Dataset content.
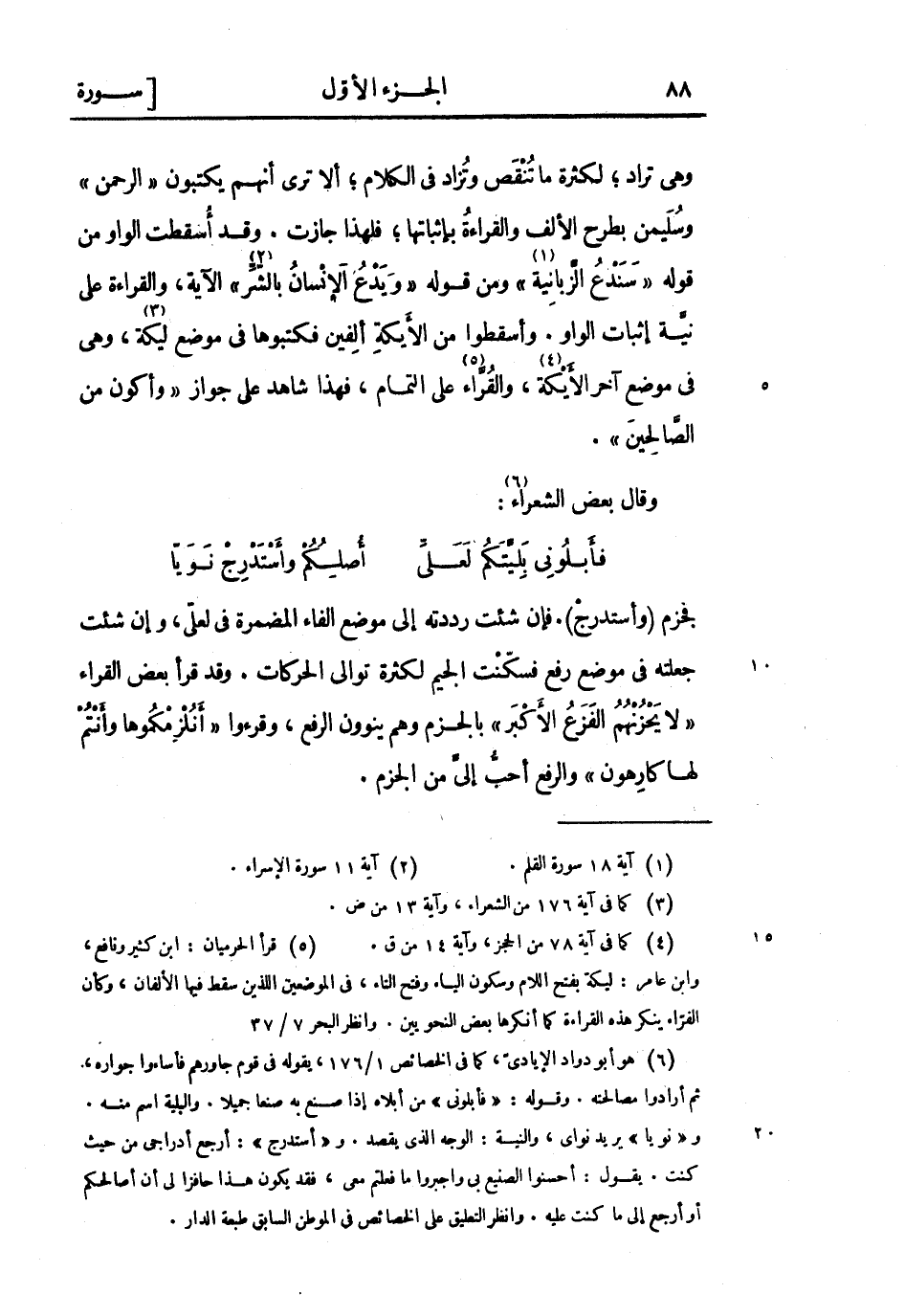 وهي تراد لكثرة ما تنقص وتزاد فِي الكلام ألا ترى أنهم يكتبون «الرحمن» وسليمن بطرح الألف والقراءة بإثباتها فلهذا جازت. وقد أسقطت الواو من قوله «سَنَدْعُ الزَّبانِيَةَ» «1» ومن قوله «وَيَدْعُ الْإِنْسانُ بِالشَّرِّ» «2» الآية، والقراءة على نيَّة إثبات الواو. وأسقطوا من الايكة ألفين فكتبوها فِي موضع ليكة «3» ، وهي فِي موضع آخر الايكة «4» ، والقراء «5» على التمام، فهذا شاهد على جواز «وأكون من الصالحين» .
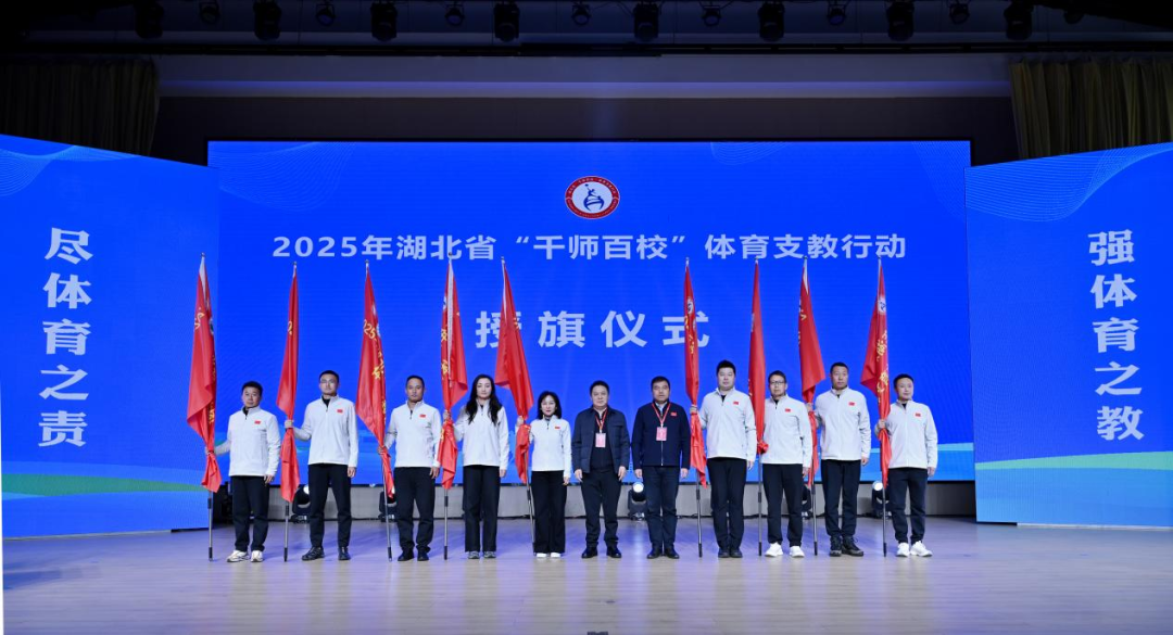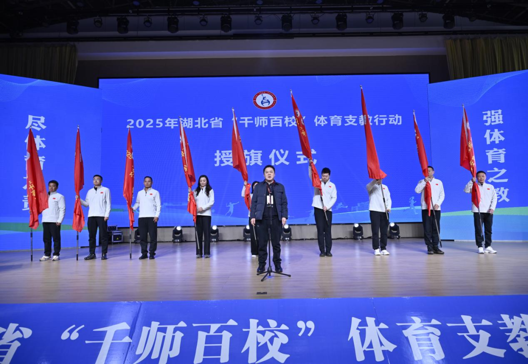 尽体育之责,强体育之教。3月30日上午,2025年湖北省“千师百校”体育支教行动启动式在球王会体育平台网页举行。省体育局党组成员、副局长骆启义出席启动仪式并宣布2025年湖北省“千师百校”体育支教行动启动,并与球王会体育平台网页党委常委、副校长许锋一同为9个支教代表团授旗。球王会体育,球王会体育平台网页院长张艳红、荆州市体育局局长杨帆、省局群体处处长周芳分别介绍了球王会体育平台网页、荆州市和全省的体育支教有关情况。
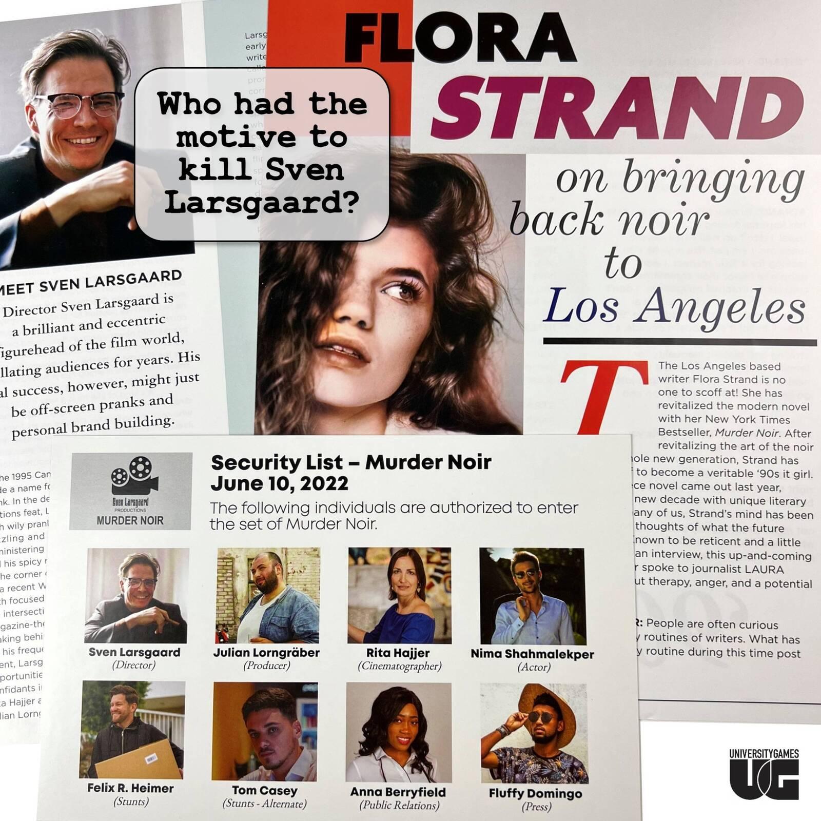 Murder Noir is a Murder Mystery Party Case File where players work to solve a murder using the case file and evidence provided. Director Sven Larsgaard is famous for his detailed pranks and hi-jinks on set. He dies on the set of his latest film.Was it a prank gone wrong… or murder? Murder Mystery Party Case Files are packed with physical and digital evidence, which puts the player in the detective’s shoes. Players think like a detective and work alone or with others to determine the motive, means, and opportunity of each suspect to solve the case.*Features:** 1+ Players* Ages 14+

Task prompt.
Make an exact copy of the data above, pictures excluded.

Solved problem.
 وهي تراد لكثرة ما تنقص وتزاد فِي الكلام ألا ترى أنهم يكتبون «الرحمن» وسليمن بطرح الألف والقراءة بإثباتها فلهذا جازت. وقد أسقطت الواو من قوله «سَنَدْعُ الزَّبانِيَةَ» «1» ومن قوله «وَيَدْعُ الْإِنْسانُ بِالشَّرِّ» «2» الآية، والقراءة على نيَّة إثبات الواو. وأسقطوا من الايكة ألفين فكتبوها فِي موضع ليكة «3» ، وهي فِي موضع آخر الايكة «4» ، والقراء «5» على التمام، فهذا شاهد على جواز «وأكون من الصالحين» .
 尽体育之责,强体育之教。3月30日上午,2025年湖北省“千师百校”体育支教行动启动式在球王会体育平台网页举行。省体育局党组成员、副局长骆启义出席启动仪式并宣布2025年湖北省“千师百校”体育支教行动启动,并与球王会体育平台网页党委常委、副校长许锋一同为9个支教代表团授旗。球王会体育,球王会体育平台网页院长张艳红、荆州市体育局局长杨帆、省局群体处处长周芳分别介绍了球王会体育平台网页、荆州市和全省的体育支教有关情况。
 Murder Noir is a Murder Mystery Party Case File where players work to solve a murder using the case file and evidence provided. Director Sven Larsgaard is famous for his detailed pranks and hi-jinks on set. He dies on the set of his latest film.Was it a prank gone wrong… or murder? Murder Mystery Party Case Files are packed with physical and digital evidence, which puts the player in the detective’s shoes. Players think like a detective and work alone or with others to determine the motive, means, and opportunity of each suspect to solve the case.*Features:** 1+ Players* Ages 14+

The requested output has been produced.